Comment by jwrallie
1 day ago
I wonder how it compares with the current SuperMemo.
I experimented with SuperMemo around 18 months ago, and it made me fall in love with SRS again. The main reason being the algorithm is less punishing when I skip a day. Maybe it has better defaults?
I once skipped a whole week and could get back on track in the next week, in Anki that feels unbearable.
Another thing I really liked about it is that you can edit a card as you are studying without having to open a separate window, helps me stay in the flow when studying.
But… With a better algorithm I might give it a try in the future… Being FOSS is the real advantage here.
Currently under debate. FSRS is likely better than SM-17. No data on SM-18
Q&A/discussion: https://supermemopedia.com/wiki/SuperMemo_dethroned_by_FSRS
Repo: https://github.com/open-spaced-repetition/fsrs-vs-sm17
Discussion: https://discord.gg/qjzcRTx => https://discord.com/channels/368267295601983490/136895216717...
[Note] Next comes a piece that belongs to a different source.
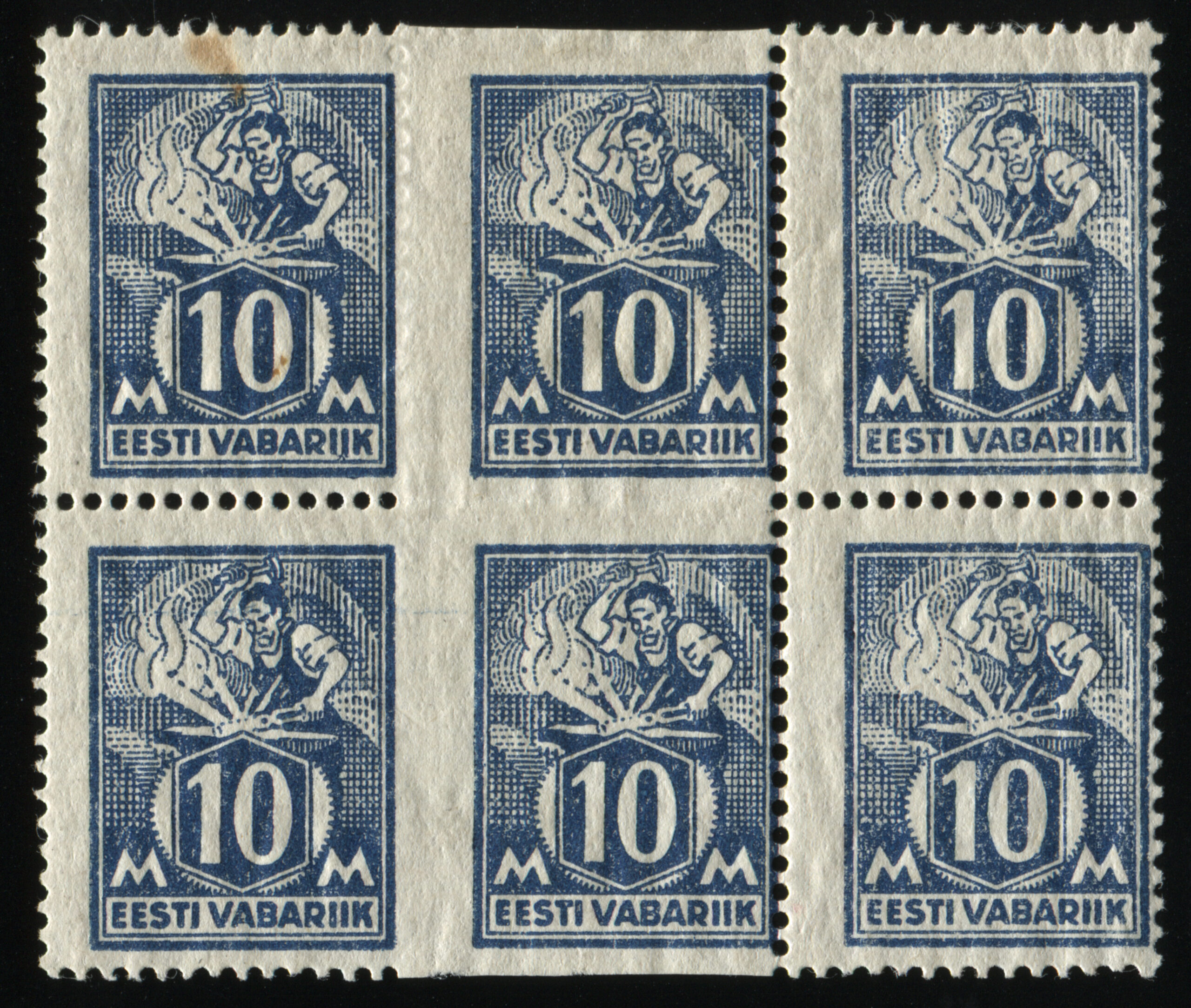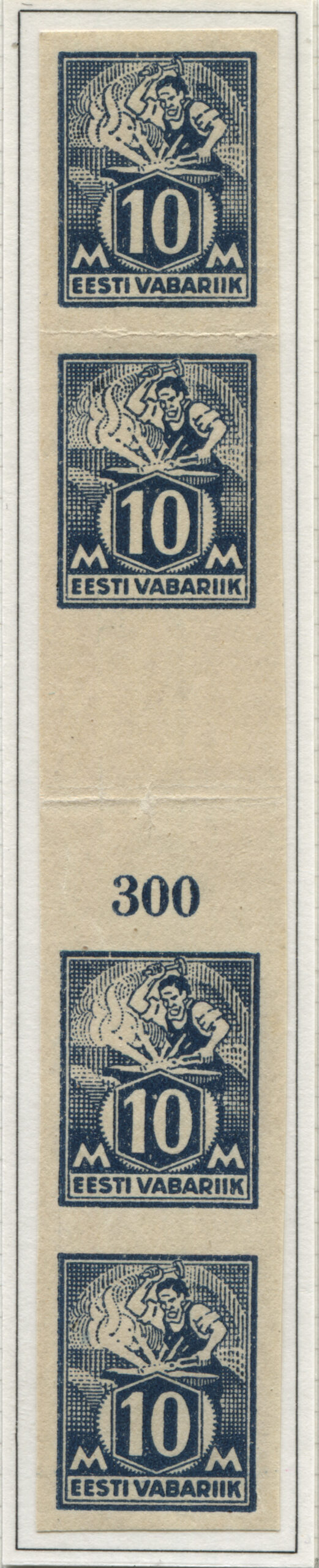 ErakoguSepp, 18. veebruar 1922, 10 marka, lõigatud, vaheribapaar (vaheriba on poogna tühiväli markide vahel).

Am I reading this right, did users go through >10k repetitions on average?
Given users were self-selected SuperMemo users who needed to use GitHub to upload exported stats, it feels a low (FSRS benchmarks average ~70k per user, filtered to a random selection of users with > 10k reps).
I wasn't involved in the benchmark, and don't know whether `SM16-v-SM17.csv` is a full export. Didn't see any reviews before 2020, and it may only be an export of a subset of reviews.
https://github.com/open-spaced-repetition/srs-benchmark/#dat...
I really wish there was a FOSS equivalent to SuperMemo. Spaced Repetition is cool and all, but Incremental Reading that uses principles similar to SRS to augment learning novel content and then retain pieces of it through more standard spaced repetition is really next level.